Большинство солдат составляли шотландцы, навербованные в городе Стирлинге и его округе. Однако, после того как полк прибыл в колонии, его ряды пополнились местными жителями, как мы это видели на примере сержанта Дунхема. Лучшими стрелками были, как правило, колонисты. После получасовой стрельбы пальма первенства была присуждена юному уроженцу Нью-Йоркской колонии, голландцу по происхождению, со звучным именем ван Валькенбург, прозванному для простоты Фоллоком. Не успели объявить о его победе, как появились остальные зрители во главе со старейшим в полку капитаном. Его окружала "чистая" публика — офицеры и их жены, тогда как шествие замыкали десятка два женщин более скромного звания, в толпе которых выделялось умное, миловидное и оживленное личико Мэйбл Дунхем, надевшей сегодня особенно изящное платье, хорошо облегавшее ее стройную фигурку.

Среди обитательниц крепости только три считались благородными дамами — все они были женами офицеров; безыскусная простота и грубоватость манер и обхождения забавно сочетались у них с преувеличенным мнением о своем достоинстве, о правах и обязанностях высшей касты и о требованиях этикета, приличествующего их рангу. Остальные были жены унтер-офицеров и рядовых Мэйбл Дунхем представляла здесь, как правильно заметил квартирмейстер, единственную девицу брачного возраста. Около дюжины молоденьких девушек, сопровождавших своих маменек, все еще числились детьми, как не достигшие того возраста, который дает право на поклонение мужчин.
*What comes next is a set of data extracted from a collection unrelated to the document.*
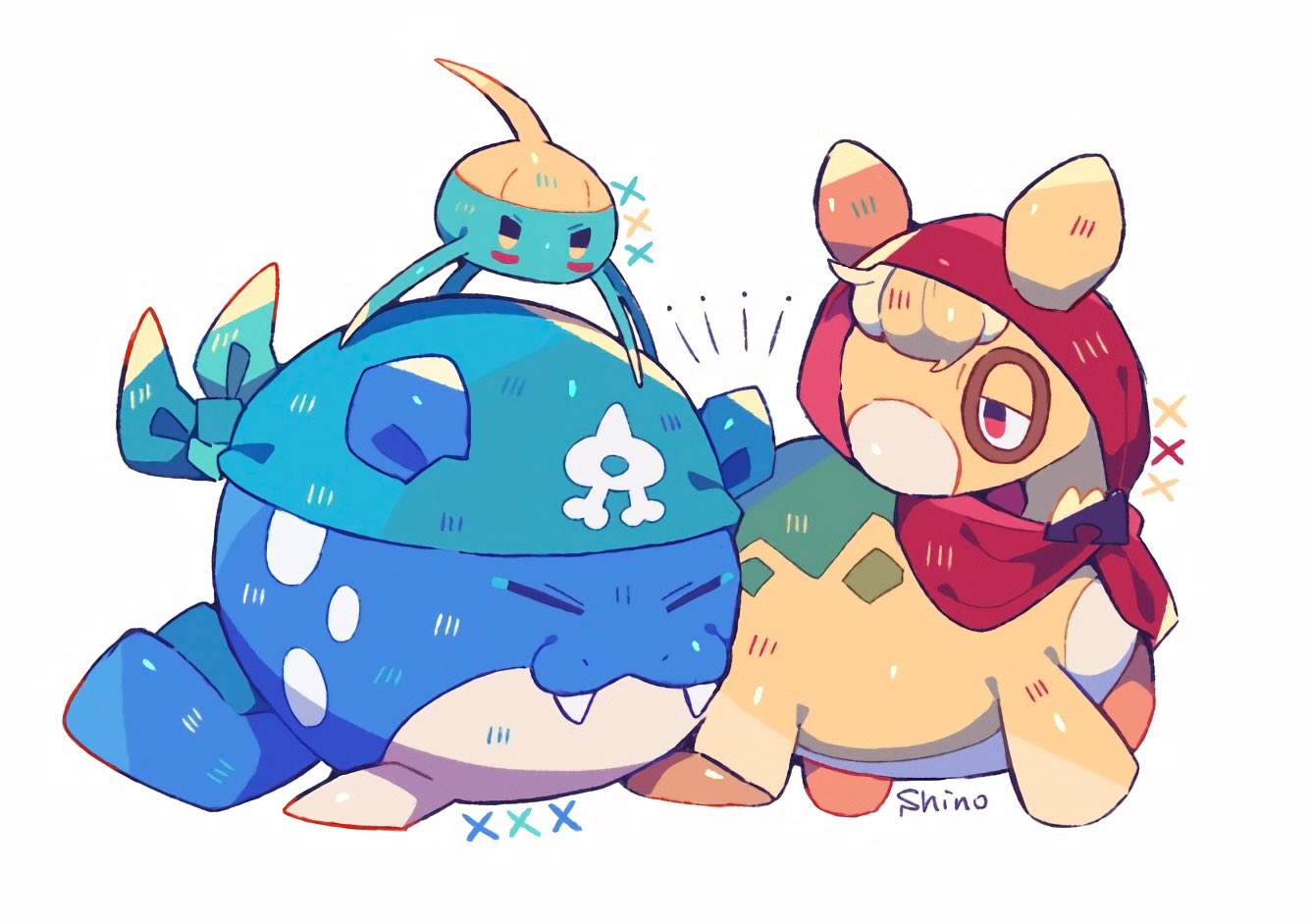 :3 artist_name bandana blue_bandana cloak closed_eyes closed_mouth color_guide commentary_request fangs gen_3_pokemon hood hood_up hooded_cloak looking_at_another looking_back nintendo no_humans notice_lines numel on_head pokemon pokemon_(creature) pokemon_on_head red_cloak red_eyes shino_(shinoru_p) simple_background smile spheal surskit team_aqua team_magma v-shaped_eyebrows white_background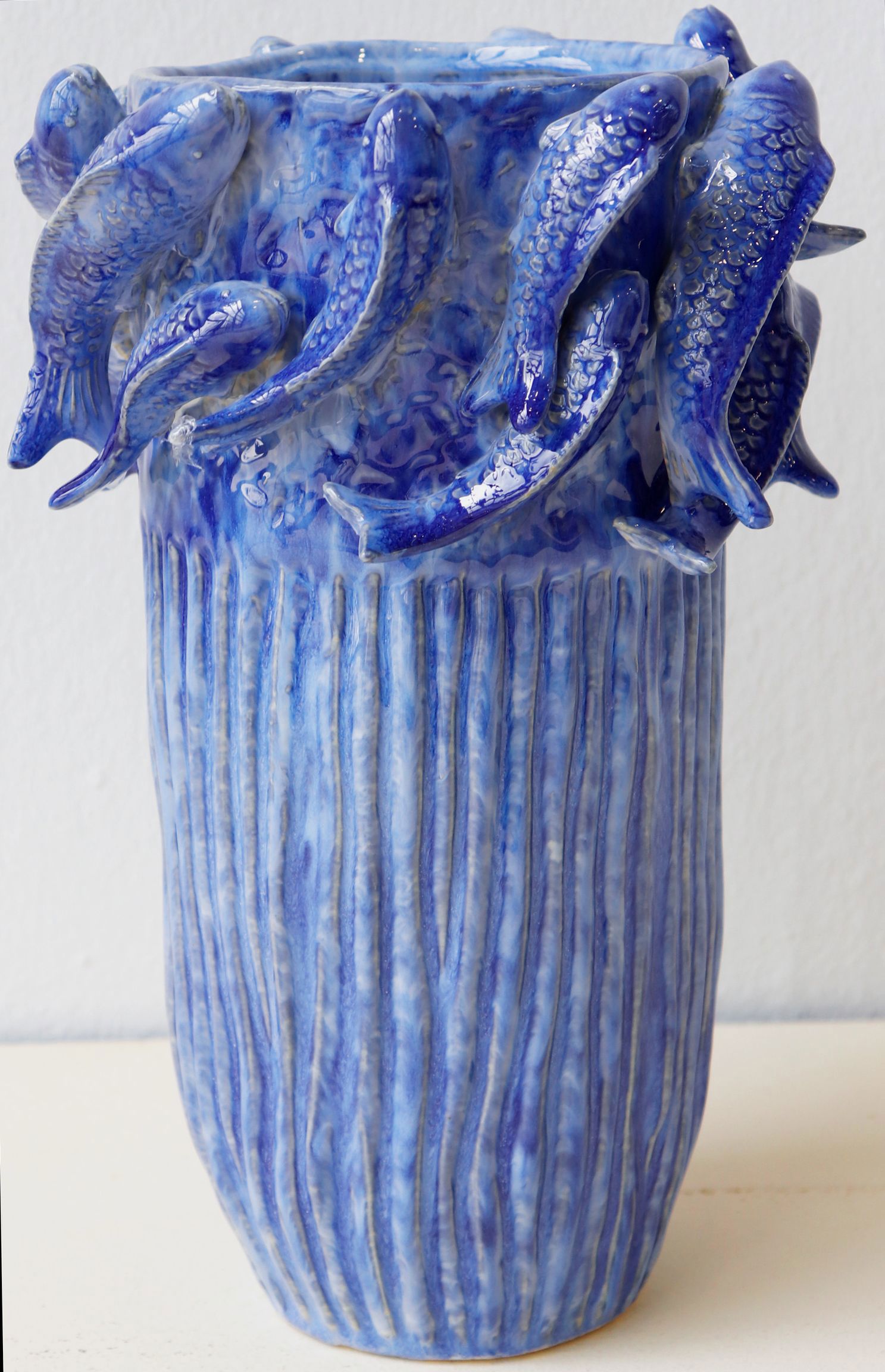 EN**Product description for "FISHERY" vase pot in blue - The perfect addition to a stylish living room**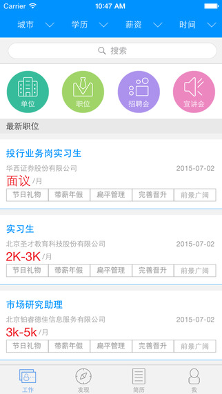 职手可得iPhone版是一款求职应用软件,在该应用中用户可以轻松在线进行求职,应用中有海量求职信息、企业单位信息供求职者查询。应用中更能通过用户关注的公司信息进行个性化订阅,让用户第一时间知道该公司的信息。有需要的用户赶紧下载使用吧~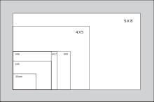 The most common large format is 4×5 inches, which was the size common cameras used in the 1830 to 1950s, like the Graflex Speed Graphic and Crown Graphic, among others. Less common formats include quarter-plate, 5×7 inches, and 8×10 inches (20×25 cm); the size of many old 1820s Kodak cameras (various versions of Kodak 1, 2, and 3 and Master View cameras, to much later Sinar monorail studio cameras) are 11×14 inches, 16×20 inches, 20×24 inches, various panoramic or "banquet" formats (such as 4×10 and 8×20 inches), and metric formats, including 9×12 cm, 10×13 cm, and 13×18 cm and assorted old and current aerial image formats of 9×9 inches, 9×18 inches (K17, K18, K19, K22 etc.), using roll film of 4, 5, 6, 7, 9, or 10 inches width or, view cameras (including pinhole cameras), reproduction/process cameras, and x-ray film.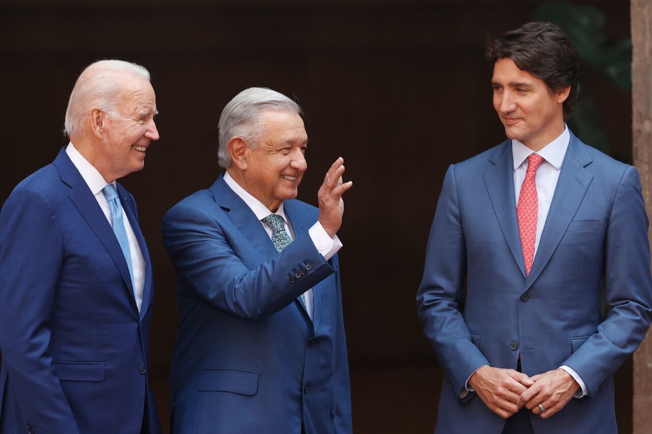 Los presidentes Joe Biden y Andrés Manuel López Obrador, y el primer ministro canadiense, Justin Trudeau, se encontraron este martes en el palacio presidencial en Ciudad de Méx
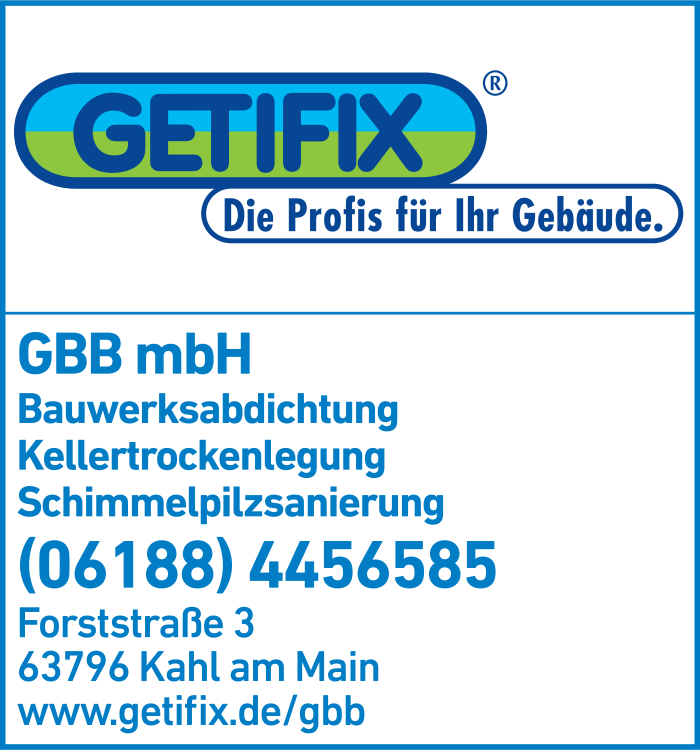 Die Adresse von Getifix GBB Gesellschaft für Bautenschutz + Bausanierung mbH lautet: Forststr. 3, 63796 Kahl am Main
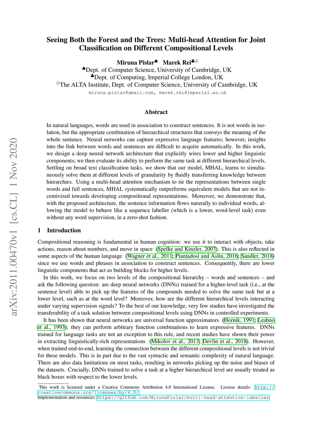In natural languages, words are used in association to construct sentences. It is not words in isolation, but the appropriate combination of hierarchical structures that conveys the meaning of the whole sentence. Neural networks can capture expressive language features; however, insights into the link between words and sentences are difficult to acquire automatically. In this work, we design a deep neural network architecture that explicitly wires lower and higher linguistic components; we then evaluate its ability to perform the same task at different hierarchical levels. Settling on broad text classification tasks, we show that our model, MHAL, learns to simultaneously solve them at different levels of granularity by fluidly transferring knowledge between hierarchies. Using a multi-head attention mechanism to tie the representations between single words and full sentences, MHAL systematically outperforms equivalent models that are not incentivized towards developing compositional representations. Moreover, we demonstrate that, with the proposed architecture, the sentence information flows naturally to individual words, allowing the model to behave like a sequence labeller (which is a lower, word-level task) even without any word supervision, in a zero-shot fashion.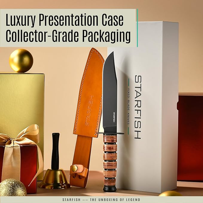 - - Function: STARFISH fixed blade knife features a full tang design ensuring superior strength and durability, Suitable for camping or outdoor adventures. The perfect addition for camping, toolboxes, fishing and hiking gear. Fixed blade knives with leather sheath is a perfect combination of art and craft.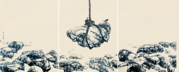 作品中,画家以巨石为主题,传递“初心在,我就在”的坚定信念。画面呈现一块被绳索牢牢悬挂于中央的大石头,绳索究竟象征着约束,抑或是救赎?作品提出发人深省的疑问:是已经放下了,还是放不下?是渴望解脱,还是选择安稳地被悬挂?

Для женщин был сооружен на самом берегу невысокий деревянный помост. Тут же рядом, на мачте, красовались призы. В первый ряд пускали только офицерских жен и детей. Мэйбл уселась во втором ряду, вместе с семьями унтер-офицеров. Позади толпились жены и дочери рядовых — большинство из них стояло, кое-кто занял свободные места. Мэйбл была уже допущена в общество офицерских жен на правах непритязательной компаньонки, и дамы в первом ряду дарили ее некоторым вниманием. Несмотря на сословную нетерпимость, которая особенно дает себя знать в жизни гарнизона, Мэйбл своим скромным достоинством и приятными манерами сумела снискать их расположение.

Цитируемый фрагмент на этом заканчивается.